This is a technical deep dive. If you are here for the architecture principles, the previous post is the right starting point. Come back when you want to know why those principles show up even in compiler internals.


In 1988, a team of four German engineers — Herbert Czymontek, Gerd Hildebrandt, Andreas Roth, and Peter Sollich — built a C compiler for the Atari ST that generated code the machine language programmers around them couldn’t easily beat by hand. They were working under contract for Borland GmbH in Munich, targeting the Motorola 68000, and what they produced was eventually sold as Turbo C for the Atari ST and then, after Borland exited the platform, continued independently as Pure C.

The compiler had two properties that stood out. It eliminated stack frames for functions that didn’t need them. And it allocated string literals by offset from the previous string literal, because it knew at compile time exactly where everything in the function’s data segment would land.

Neither optimisation required exotic theory. Both required one thing: the compiler never threw away the structure of the source code.


The Newspaper Without Headlines

A modern compiler’s standard intermediate representation (IR) is a flat list of basic blocks — labelled sequences of instructions with no branches in except at the top, and no branches out except at the bottom. Control flow is a graph of edges between these blocks.

This representation is mathematically tractable. Dataflow analysis, liveness computation, dominance trees — all the standard algorithms operate cleanly on it. Every compiler textbook since the 1970s teaches it.

It is also, from a signal-to-noise perspective, a newspaper with no headlines.

Every basic block is labelled bb_0042 or similar. The label tells you nothing about whether you are inside a loop, an error path, a leaf function, or the cold branch of an unlikely condition. The structure that the programmer wrote — the {} that said this is a loop body, this is an error handler, this is a leaf with no sub-calls — has been destroyed. To recover it, the compiler runs loop detection, dominance analysis, and call graph inspection. It reconstructs, expensively, the index it threw away for free at the front door.

The 1988 Atari ST compiler never made this mistake. It operated at scope level throughout. A for loop stayed a for loop until code emission. A leaf function — one with no sub-calls and locals that fit in registers — was known to be a leaf function from the moment the parser closed its }. No analysis required.


What Structure Gives You for Free

The two Turbo C optimisations fall out directly from keeping the structure.

Stack frame elimination. On the 68000, a standard function prologue and epilogue looks like:

link  a6, #-n      ; 4 bytes, 16 cycles — establish frame pointer
...
unlk  a6           ; 2 bytes, 12 cycles — tear it down

For a leaf function whose locals fit in data registers, this is pure overhead. The compiler needs to know three things to eliminate it: the function makes no sub-calls, all locals fit in registers, and nothing takes the address of a local. In a flat basic-block IR, recovering this knowledge requires liveness analysis across the entire function graph plus a call graph query. In a scoped IR, it is a structural property visible at the closing }. You know it before you emit a single instruction.

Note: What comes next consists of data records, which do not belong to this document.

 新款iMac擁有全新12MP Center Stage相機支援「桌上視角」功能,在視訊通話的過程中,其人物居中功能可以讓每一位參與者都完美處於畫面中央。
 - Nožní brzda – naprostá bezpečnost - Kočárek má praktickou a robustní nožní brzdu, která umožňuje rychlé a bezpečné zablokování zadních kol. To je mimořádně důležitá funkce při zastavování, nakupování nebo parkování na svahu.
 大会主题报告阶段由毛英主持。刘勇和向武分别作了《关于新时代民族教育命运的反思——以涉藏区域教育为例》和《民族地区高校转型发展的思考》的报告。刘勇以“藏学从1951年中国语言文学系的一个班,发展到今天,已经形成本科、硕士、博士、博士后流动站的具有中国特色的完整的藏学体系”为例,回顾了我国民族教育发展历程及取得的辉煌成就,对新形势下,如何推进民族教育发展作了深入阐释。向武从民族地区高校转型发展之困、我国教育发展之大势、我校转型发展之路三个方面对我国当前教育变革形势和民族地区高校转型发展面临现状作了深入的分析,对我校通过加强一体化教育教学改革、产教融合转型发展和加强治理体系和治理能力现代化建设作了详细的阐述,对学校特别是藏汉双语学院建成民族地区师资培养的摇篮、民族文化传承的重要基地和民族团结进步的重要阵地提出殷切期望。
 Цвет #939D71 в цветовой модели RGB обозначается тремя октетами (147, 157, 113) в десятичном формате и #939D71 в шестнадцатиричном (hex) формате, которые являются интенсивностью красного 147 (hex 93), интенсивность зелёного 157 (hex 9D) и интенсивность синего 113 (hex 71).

String literal offset optimisation. Two string literals in the same function will be emitted adjacently in the data segment. A reference to the second can be expressed as an offset from the first — saving a relocation entry and a register load in the emitted code. In a flat IR, string literals are anonymous globals with no topological relationship to each other. Recovering adjacency requires a separate interning and layout pass. In a scoped IR, both strings are in the same scope, which means the compiler knows their relative layout before the linker is involved.

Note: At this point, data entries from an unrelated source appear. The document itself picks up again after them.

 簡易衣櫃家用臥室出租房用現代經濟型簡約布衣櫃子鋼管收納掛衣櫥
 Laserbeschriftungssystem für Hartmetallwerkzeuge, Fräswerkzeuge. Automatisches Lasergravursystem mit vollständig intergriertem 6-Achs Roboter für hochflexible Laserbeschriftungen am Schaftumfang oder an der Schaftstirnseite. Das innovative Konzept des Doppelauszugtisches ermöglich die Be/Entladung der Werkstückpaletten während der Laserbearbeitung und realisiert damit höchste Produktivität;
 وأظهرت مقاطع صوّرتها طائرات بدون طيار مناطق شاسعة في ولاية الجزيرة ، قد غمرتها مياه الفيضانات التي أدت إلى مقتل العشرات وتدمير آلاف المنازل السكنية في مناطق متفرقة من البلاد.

Both optimisations are instances of the same principle: information that was free at the source level costs an analysis pass to recover at the IR level. If you never destroy the information, you never pay to reconstruct it.


The SNR Framing

Signal-to-noise ratio in an IR is not about verbosity. It is about how much of what you read is load-bearing versus compensating for a previous information loss.

A flat basic-block IR has a high noise floor because every branch, every phi node, every br label %bb_0042 is there to express something the source already expressed as if, while, or {}. The edges in the control-flow graph are the reconstruction cost of the structure that was flattened.

LLVM IR is the extreme case. It is expressive, correct, and well-engineered. It is also genuinely difficult to read, not because of the C++ that surrounds it, but because the IR itself carries the overhead of having destroyed its own structure. Reading LLVM IR to understand what a function does requires mentally reassembling the {} hierarchy from a graph of labelled blocks. You are doing by eye what the loop detection pass does algorithmically.

The C++ OOP that wraps LLVM is partly genuine complexity and partly load-bearing scaffolding for managing the graph complexity the flat IR created. Remove the flat IR and a significant fraction of the scaffolding becomes unnecessary.


The Wheel Turning Back

Three modern projects are rediscovering, from different directions, what the 1988 Munich team knew by constraint.

Zig’s AIR. Andrew Kelley made the deliberate choice to preserve structured control flow through the compiler’s analysis phases. Zig goes AST → ZIR → AIR (Analyzed IR) → MIR, and the scope structure survives intact through AIR. Each function is analysed as a unit with its structural invariants intact. MIR — machine IR — is where the structure finally flattens, at the last possible moment. This is exactly the Turbo C approach: keep the index until you are actually printing the newspaper.

RVSDG (Regionalized Value State Dependence Graph). A 2019 paper by Reissmann et al. formalises what “keeping the structure” means theoretically. The RVSDG uses regions — direct descendants of {} — as first-class IR nodes. The central claim, supported empirically, is that most standard optimisation passes are simpler to implement on regions than on CFGs, not just more readable. The structural invariants do work that graph algorithms currently do expensively. The information is free at the source level; why pay to reconstruct it?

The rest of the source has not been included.